1.1 Discussion Legal Issues

The provided scenario considers the breaching of the “Sale of Goods Act 1893”. Chapter 71 of the act conveys that the “Contract of Sale” is expected to be followed when any transfer of goods or property has been promised to a buyer within a said price is supposed to be conditional (Singh, 2022). However, the capacity of buying and selling the goods or property must be there to conduct the same performance for the above-mentioned action. In this regard, it has been noted that Ellie wanted to sell a picture to Memoona, “an acquaintance who owns an art gallery in London” which was of the famous painter Rembrandt. Not being sure about the actual painter of the portrayal Memoona offered to purchase the painting for £5,000. Later, Ellie confirmed the actual painter and the worth of the painting is up to £500,000 and refused to sell the picture for the above-mentioned contract.

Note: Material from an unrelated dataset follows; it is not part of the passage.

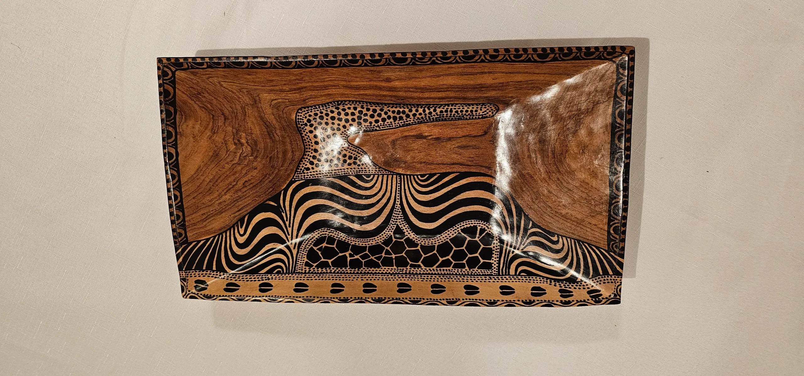 1. Hand-carved wooden tray, featuring detailed black patterns, offering a unique, artistic touch to any table or display.

As per the legal concern, a contract considers a promise enforced by law when an eventuality arises. On the other hand, tort conveys a “collection of legal remedies that entitle an affected party to recover from losses, injuries, or damages” (Witt, 2019). The legal issues associated with the study consider the failure of the contract which has been conducted between Ellie and Memoona in a written form in a text message. It has been noted that the breach of the contract that took place, in this case, was an Actual breach as one party has refused to fully perform the contract (Vahlne and Schweizer, 2022). The legal remedies for the breach of contract consider the payment of the said amount. However, it has been noted that in this regard, no criminal offense has to be marked. In this case, a tort is supposed to take place and the legal remedy conveys a “Tort of Negligence” as per this concern.

The legal issues taking place against Memoona were the perception of tort and as per the remedy of the law, the other party who has breached the contract must pay the “monetary sum to the claimant”. As per an article authored by Petricevic and Teece (2019), considering the approaches of civil courts it is required to conduct a contract while being entirely sure regarding the words and sum to be paid as once a contract takes place this cannot be taken back and this is supposed to be recovered from the “defendant's insurance company”. The issue associated with the case of Ellie as she was unaware of the actual worth of the painting, and on the other hand, Memoona was unable to recognize the actual painter of the portrait because of this the entire confusion took place. Hence, the legal issues associated with the case are due to two major reasons such as “misinterpretation of contract” and “formation of contract”. The transaction in this regard is required to manage the materialistic support or information that Ellie was lacking while selling the picture has been considered as missing information regarding the contract. On the other hand, the inaccurate information regarding the painting caused misinterpretation which influenced the decision of Memoona.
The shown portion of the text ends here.